Scientific classification
- Kingdom: Plantae
- Clade: Tracheophytes
- Clade: Angiosperms
- Clade: Eudicots
- Clade: Asterids
- Order: Asterales
- Family: Asteraceae
- Genus: Antennaria
- Species: A. parlinii
- Binomial name: Antennaria parlinii Fernald
- Subspecies: A. parlinii subsp. parlinii; A. parlinii subsp. fallax;
- Synonyms: Synonymy of subsp. parlinii Antennaria arnoglossa Greene ; Antennaria parlinii var. arnoglossa (Greene) Fernald ; Antennaria plantaginifolia var. arnoglossa (Greene) Cronquist ; Antennaria propinqua Greene ; Synonymy of subsp. fallax Antennaria fallax Greene ; Antennaria parlinii var. fallax (Greene) B.L.Turner ; Antennaria ambigens Fernald ; Antennaria ampla Bush ; Antennaria arkansana Greene ; Antennaria arnoglossa var. ambigens Greene ; Antennaria bifrons Greene ; Antennaria brainerdii Fernald ; Antennaria calophylla Greene ; Antennaria elliptica Greene ; Antennaria fallax var. calophylla Fernald ; Antennaria farwellii Greene ; Antennaria greenei Bush ; Antennaria mesochora Greene ; Antennaria munda Fernald ; Antennaria occidentalis Greene ; Antennaria parlinii var. ambigens Fernald ; Antennaria parlinii var. farwellii (Greene) B.Boivin ; Antennaria plantaginifolia var. ambigens (Greene) Cronquist ; Antennaria umbellata Greene ;

= Antennaria parlinii =

- Genus: Antennaria
- Species: parlinii
- Authority: Fernald
- Conservation status: G5

Species of flowering plant

Antennaria parlinii, known as Parlin's pussytoes, is a herbaceous flowering plant in the family Asteraceae.

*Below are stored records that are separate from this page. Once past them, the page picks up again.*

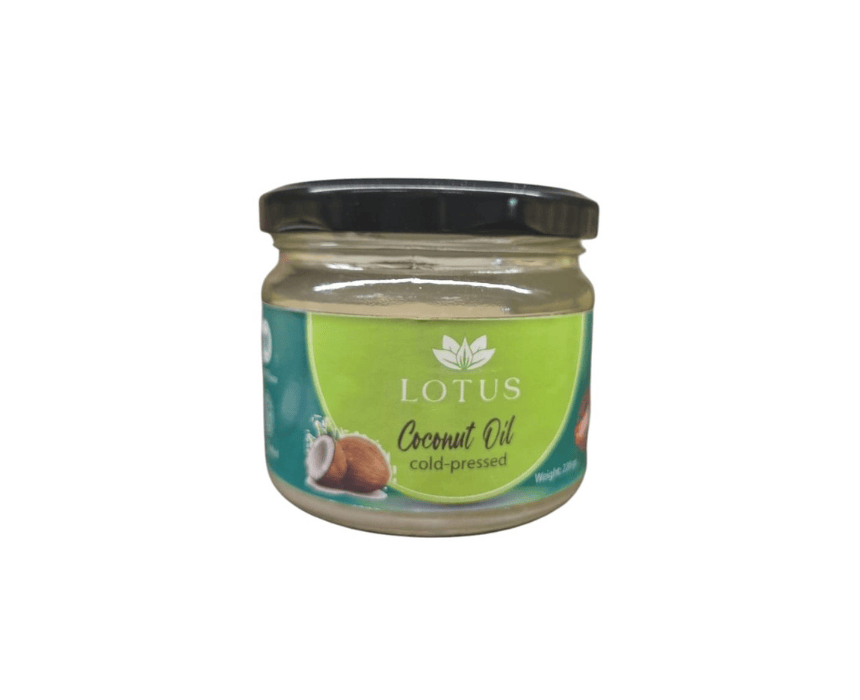100% raw coconut oil made from natural coconut shreds, rich in healthy medium-chain triglycerides (MCTs).
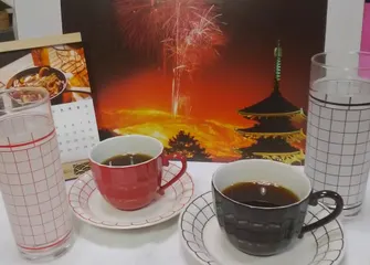 赤と黒のペアカップでコーヒーブレイク!誰かの文学小説に有った気が。「赤と黒」のコントラストが決まってるぅ~?!?
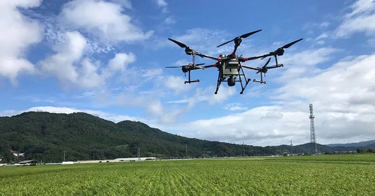 猛暑期は稲が栄養不足になりやすいため、ドローンを使い空からミネラル肥料を迅速かつ均一に散布。重労働を軽減しつつ、稲に必要な栄養をしっかりと届けて、登熟(米の実り)をサポートしています。
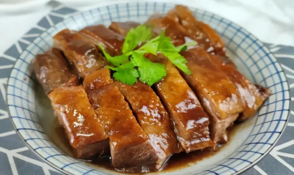 3、焖好把鹅拿出来,把汤里面的料头全部捞出,然后调大火收汁后调小火,把鹅放回锅里然后往鹅身上淋酱汁,颜色特别红亮,放凉之后斩成小块即可。
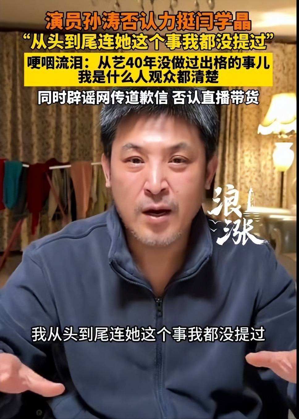 他指出,部分观众被谣言误导,但他不怪大家,而是对那些捏造事实、恶意攻击的人感到痛恨。事实上,孙涛和朋友一同观看过直播回放,他根本没有对闫学晶事件发表任何意见,甚至连提都没提过她。那些说他力挺闫学晶的文章,都是对他无端泼脏水,还把他妻子的过往牵扯进来。孙涛在视频中痛苦流泪,他恳求大家不要再轻信谣言,放过他和他的家庭。
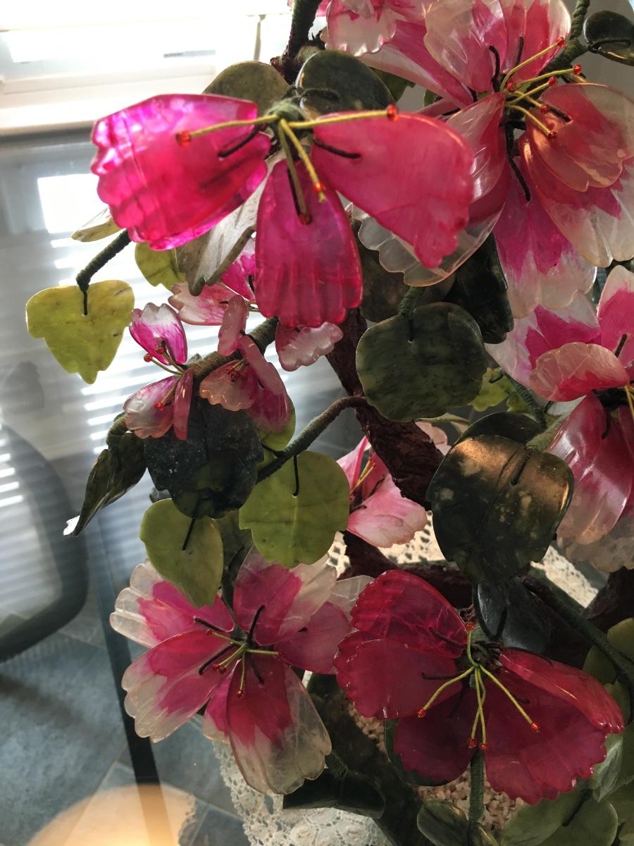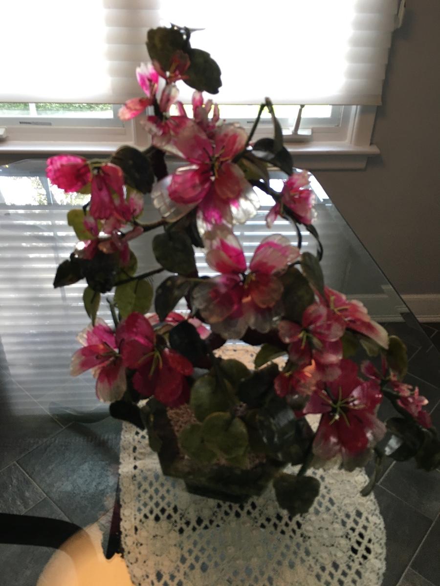 Lovely colorful glass flowers in a marble base. Looks to be in excellent condition.
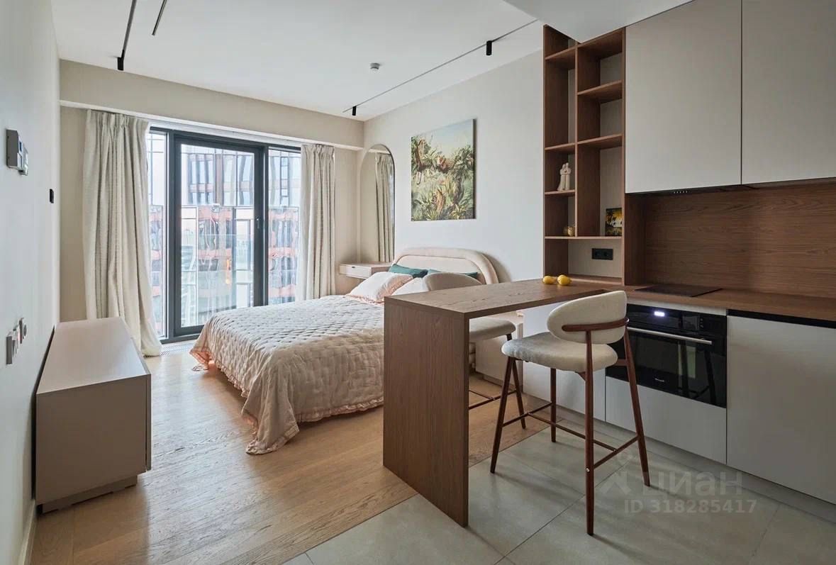 Студию площадью 27,2 кв.м. с отделкой MR на 31-м этаже. Квартира, располагается в корпусе Сильвер.
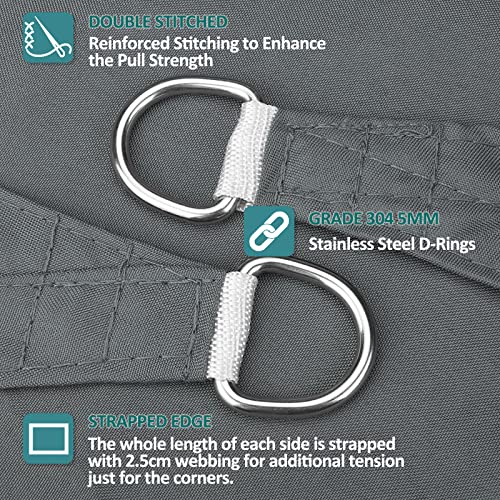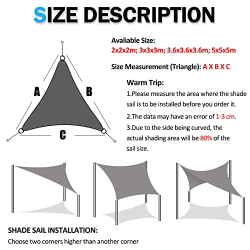 - PREMIUM FABRIC: Our shade sail is made of 100% polyester fabric with a 160 gsm PU coating, which makes it both healthy and safe to use. It's highly resistant to water, tears, and adverse weather conditions, making it perfect for long-term use. The shade sail comes with three pad eyes, and we're giving away three 1800D wind ropes (200cm for each) for easy installation. It features sturdy sewing on each side and stainless steel D-rings on each edge to ensure a secure installation
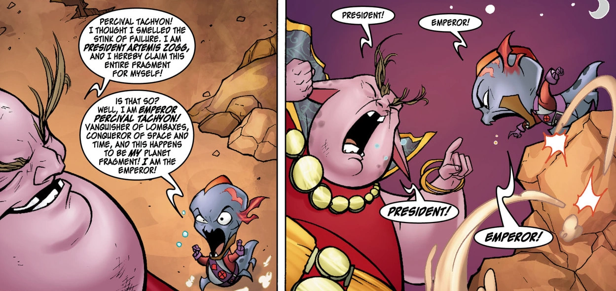 Emperor Tachyon on Reepor taking the Dimensionator from Qwark.
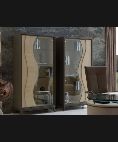 - Vitrina modelo PAL0008, hecha a medida, lacada en tonos marrones con cristales transparentes
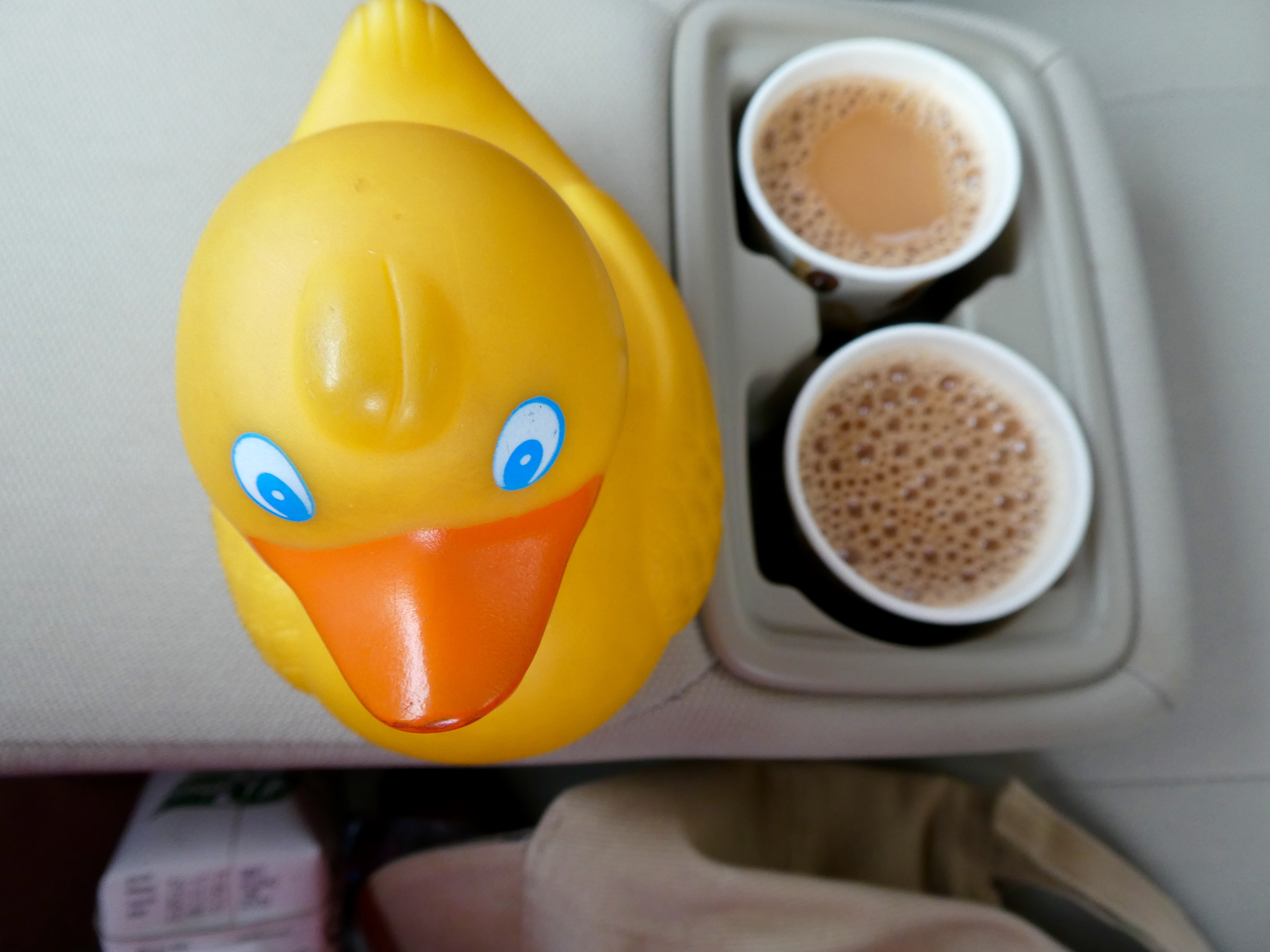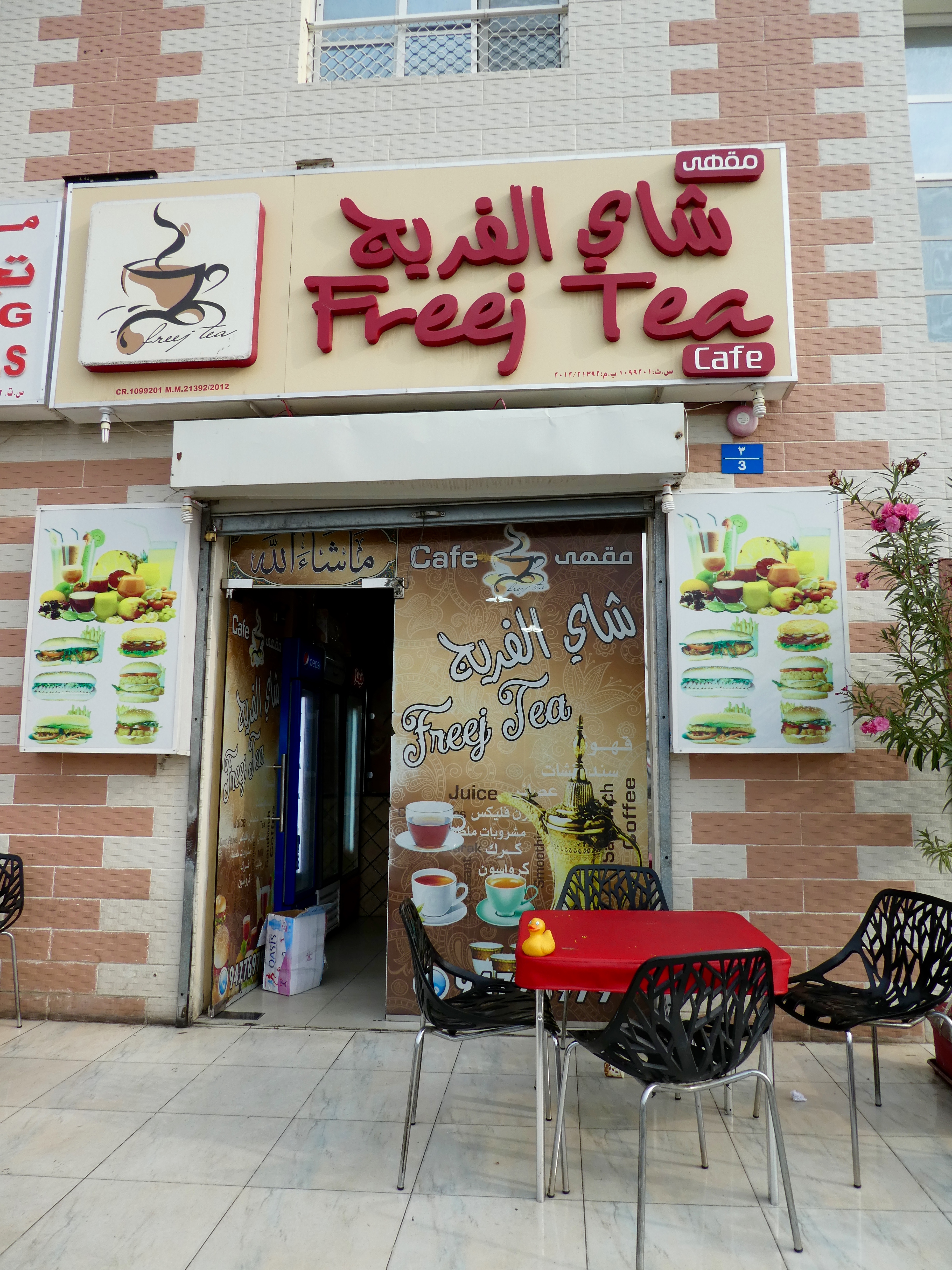 The opera house complex features a concert theater, an auditorium, formal landscaped gardens, a cultural market with retail space, an art center, luxury restaurants and a large parking garage.   This complex was built following the Royal Orders of Sultan Qaboos of Oman. These beautiful buildings, all making us feel very peaceful, can make this duck, a small bear and 3 humans hungry.   Our guide drives us to the cafe.
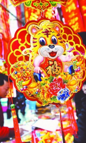 上图 2月12日,银川市民在一家市场选购虎年饰品。虎年春节临近,银川商家纷纷推出老虎挂历、年画、玩偶等饰品。
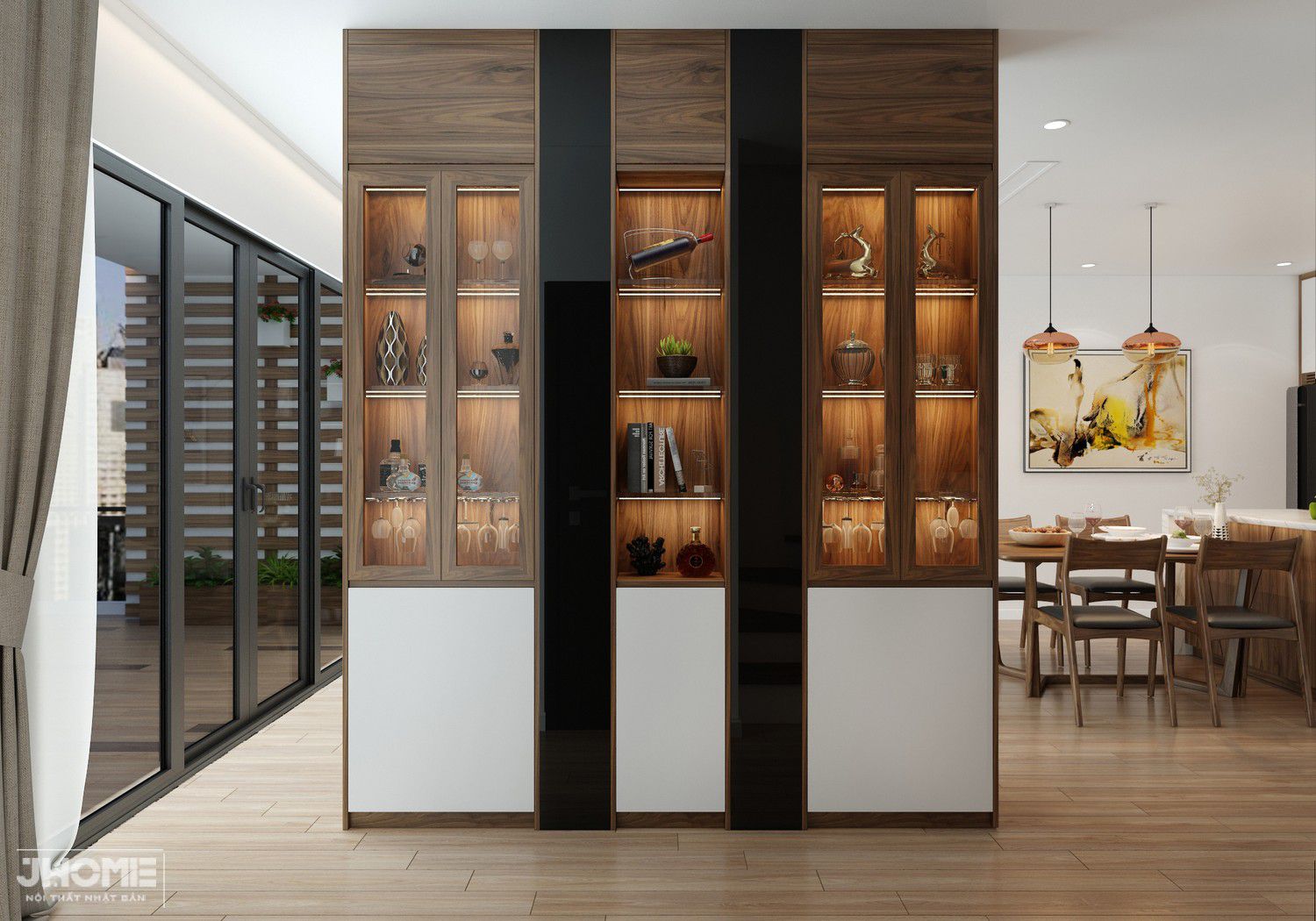 Mặt sau kệ tivi là tủ rượu với thiết kế đẹp mắt, sang trọng
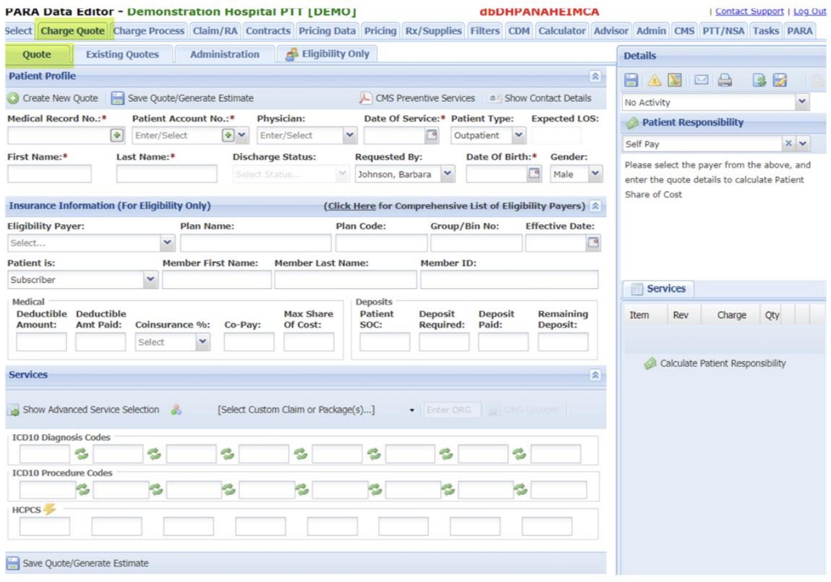 When the patient is having trouble accessing or navigating the PTT, or the desired service is not a shoppable service, the Charge Quote tab of the PARA Data Editor (PDE) can be used by PDEUsers to generate a quote These quotes are not mandated by any laws, but the benefits of providing cost estimates prior to scheduled services include:
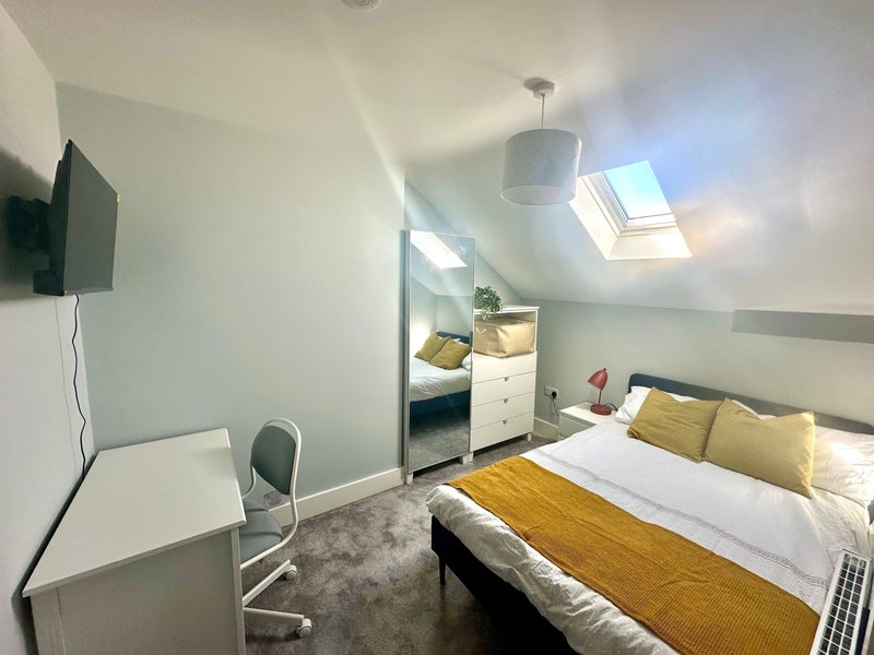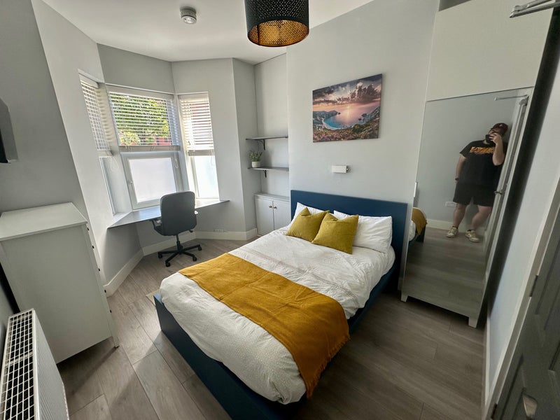 Fully brand-new furnished modern rooms including double bed, HD TV, wardrobes, chest of drawers and desktop.

Like other species in the genus, the plant is dioecious. It is widespread across eastern and central Canada and eastern and central United States, from Manitoba to Nova Scotia south as far as Texas and Georgia.

==Description==
Antennaria parlinii is an herb up to 45 cm tall. Male and female flowers are borne on separate plants (also known as dioecy); in some populations all the plants are female. White flowers bloom April to June, with 4 to 12 or more flowerheads on a cluster at the top of the stems. The common name refers to the resemblance of the flowers to the toes of a cat. The basal leaves are 1–3.75 in long and up to 1.75 in wide. A. parlinii is very similar to the species Antennaria plantaginifolia (plantain leaf pussytoes), although the flowers of A. parlinii are larger.'

==Distribution and habitat==
This species is found in Canada (Manitoba, Ontario, Quebec, New Brunswick, Nova Scotia) and the United States (entirety of the Central United States and Eastern United States except for Florida). It grows in dry, rocky areas in full sun to partial shade. It prefers acid soil.

==Conservation==
As of December 2024, the conservation group NatureServe listed Antennaria parlinii as Secure (G5) worldwide. This status was last reviewed on 28 August 2023.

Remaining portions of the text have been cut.